# where can i buy aphids from?



## Julio

anyone know of place to order aphids from?

thanks,
Julio


----------



## rozdaboff

I am pretty sure you can order starter aphid cultures from Carolina Biological.


----------



## Corpus Callosum

Julio,

I was about to order some from this site:

http://www.berkshirebiological.com/stor ... cts_id=448

but I'm sure carolina probably has them as well. 

Here are the two guides I have been reading for pea aphid culture:

http://www.tracyhicks.com/aphid.htm

http://www.mda.state.mn.us/plants/insec ... aphids.htm

I also ordered about 200 fava beans from http://www.johnnyseeds.com/

You should germinate the beans so you have a sprout/plant ready by the time the aphids get to you.

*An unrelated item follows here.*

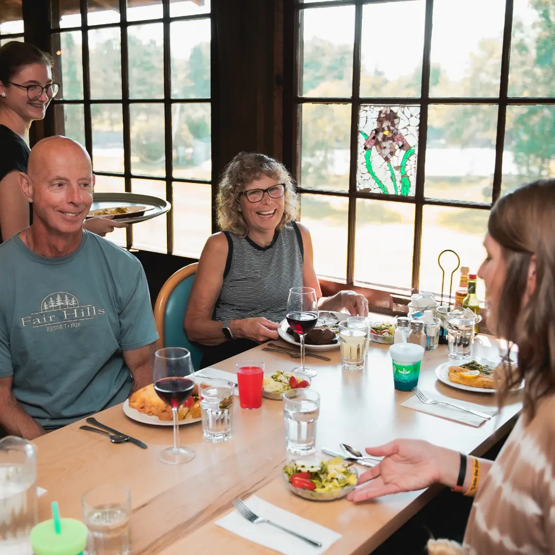 Fair Hills has found that a family sharing a good meal together is a prime ingredient for a happier vacation. During our all All Inclusive Vacation Season, Fair Hills serves three meals daily to its guests. A bell rings to signal the beginning of the meal hour. The Fair Hills kitchen can accommodate most dietary restrictions with advance notice. We offer vegetarian, gluten free and dairy free choices at every meal. Beer and wine are offered for purchase at our bar during dinner.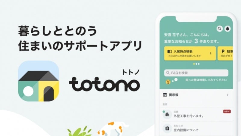 住まいのサポートアプリ「totono」は、賃貸物件にお住いの⼊居者と物件の管理会社を繋ぐスマートフォンアプリケーションです。⼊居者はこれまで管理会社とのやりとりは電話や書類⼿続といった⼿段に限られていましたが、totonoを利⽤することでアプリ内から契約内容が確認でき、管理会社への問い合わせや各種申請もアプリ内で⾏うことが可能になります。また、管理会社にとっては情報の⼀元管理や電話対応の抑制、ペーパーレスに繋がり、⼊居者満⾜度向上と業務効率化を同時に実現します。今回の業務提携により、スマートホームサービスとtotonoが連携することで、賃貸マンションに住む入居者に、今より更に快適で安全なくらしを提供します。

Or you could also wait a month and just get a free culture from me  I'm growing about 20 beans right now so I'm ready to make an order for the aphids this week.


----------



## Julio

thanks for the info guys, i wasn't looking to culture them just order and feed, but i guess i can try culturing some.


----------



## Corpus Callosum

I was told they don't ship well, and the prices aren't that great either, to do it that method (unless you can find them locally). I will give you some to try out once mine are going.


----------



## Julio

thanks Mike,
i just ordered some seeds to try culturing to see how that goes.


----------



## KeroKero

I can't imagine where Michael got all his awesome aphid info


----------



## Corpus Callosum

It's possible Corey filled me in on everything  but I will take pictures once I get them going.


----------



## KeroKero

You better! I need pics for my article that I did all that research for


----------



## Kameleon

I'd like to start an aphid culture, but as it is already winter, I don't think I can find any in the wild.
Would you know where I can buy some ? (I already tried the previous links, but they didn't work.) If anyone is raising aphids right now and could send me some, I'm also interested.
By the way, are the aphids sent as living insects or as eggs ? And if they are sent as eggs, how long until they hatch ?


----------



## Scott

This one still works.

They're very finicky to raise and feed.

s


----------



## epiphytes etc.

If you grow Hoyas or most any other Asclepiad, aphids are usually around. What I can't figure out is how to collect them for feeding out without smashing the majority of them.


----------



## Schadigung

Does anyone know of a place other Berkshire Biological to buy pea aphids? They seem to be out, despite the fact that they are selling them on the website


----------



## FwoGiZ

Anyone got links for Canada??


----------



## Krakanax

By the way, how would you ship aphids?
I can't think about a way to do so ...


K.


----------



## Julio

styro cups with planted pea plants and a lid


----------



## DendroJoe

Julio, I see some in my backyard on some plants, just want to know if i can use local aphids.


----------



## Julio

depends on the species, there are aphids out there that are toxic to darts, so its best to culture them, they are really easy to culture and wont fly even though they have wings, i could never get my frogs to like them too much so i stopped culturing them a while back.


----------



## sports_doc

Those Fava bean aphids are a pain, mainly because Fava beans are very slow to cultivate.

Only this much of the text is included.